After a slow start and bad winds, sickness, and exhaustion, day 9 dawns in a gale, 600 miles from shore. A rogue wave flips their boat and both men are in the water. With beacons failing, they wait and pray and struggle, fighting 45-knot winds, and riding 8-meter waves. For 13 hours, Nour and Samra face the same dangers and decisions of the desperate refugees to whom they dedicated their row. In this true-life adventure, survival demands a miracle or two.
Truth is sometimes, as they say, stranger than fiction. Beyond The Raging Sea is a good example of that. Why anyone would risk their lives the way Omar Nour, Omar Samra and the other racers did in order to try in cross the Atlantic in what is no more than a glorified canoe is anyone’s guess.
Rowing to highlight the plight of refugees who try to cross treacherous water crossings in order to seek out a new and better life Omar Nour and Omar Samra adventure is both amazing and utterly crazy.
Although undoubtedly gripping, choosing Omar Nour and Omar Samra to tell the story, and thus knowing thankfully that they both survived, does tend to reduce the tension.
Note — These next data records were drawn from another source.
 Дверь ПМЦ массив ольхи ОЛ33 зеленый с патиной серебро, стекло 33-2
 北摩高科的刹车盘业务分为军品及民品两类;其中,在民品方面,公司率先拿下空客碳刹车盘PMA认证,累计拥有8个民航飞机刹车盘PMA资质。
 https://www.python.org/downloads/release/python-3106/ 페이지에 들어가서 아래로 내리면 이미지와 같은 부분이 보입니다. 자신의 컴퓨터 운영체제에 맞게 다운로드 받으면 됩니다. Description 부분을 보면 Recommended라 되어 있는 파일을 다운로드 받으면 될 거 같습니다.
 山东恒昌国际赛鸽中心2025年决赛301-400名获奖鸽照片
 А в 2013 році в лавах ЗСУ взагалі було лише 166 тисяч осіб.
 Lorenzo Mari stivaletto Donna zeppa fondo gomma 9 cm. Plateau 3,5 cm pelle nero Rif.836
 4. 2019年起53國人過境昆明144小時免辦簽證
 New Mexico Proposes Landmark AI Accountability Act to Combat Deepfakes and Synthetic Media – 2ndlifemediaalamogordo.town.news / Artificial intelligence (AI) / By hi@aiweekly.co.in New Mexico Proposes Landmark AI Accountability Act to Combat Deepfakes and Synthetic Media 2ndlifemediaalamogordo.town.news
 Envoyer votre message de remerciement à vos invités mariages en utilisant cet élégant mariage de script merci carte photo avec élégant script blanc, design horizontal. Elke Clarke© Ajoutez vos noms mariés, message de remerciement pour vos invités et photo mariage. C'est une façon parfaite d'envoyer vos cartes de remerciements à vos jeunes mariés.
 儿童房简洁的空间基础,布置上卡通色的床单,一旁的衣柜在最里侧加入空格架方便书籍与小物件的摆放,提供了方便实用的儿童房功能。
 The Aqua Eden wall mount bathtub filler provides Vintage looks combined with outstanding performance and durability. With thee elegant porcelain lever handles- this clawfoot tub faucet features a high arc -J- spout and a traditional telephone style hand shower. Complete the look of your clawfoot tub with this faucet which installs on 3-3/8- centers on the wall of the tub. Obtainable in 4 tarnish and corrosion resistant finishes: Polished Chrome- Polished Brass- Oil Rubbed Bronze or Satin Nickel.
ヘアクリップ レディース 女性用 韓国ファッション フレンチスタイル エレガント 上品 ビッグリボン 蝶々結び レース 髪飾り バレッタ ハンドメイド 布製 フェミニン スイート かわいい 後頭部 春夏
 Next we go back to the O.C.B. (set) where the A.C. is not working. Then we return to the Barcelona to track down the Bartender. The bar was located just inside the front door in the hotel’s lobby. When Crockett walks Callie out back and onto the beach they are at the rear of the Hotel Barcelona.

Whilst the link to the refugee crisis is a bit spurious the last 15 minutes where two refugees talk about their experiences in migrant boats is probably the best and most harrowing section of the film.
Beyond The Raging Sea is a great companion piece to the recently released Io Capitano which is a dramatised account of two Somalian males who try to cross the Mediterranean on a refugee boat.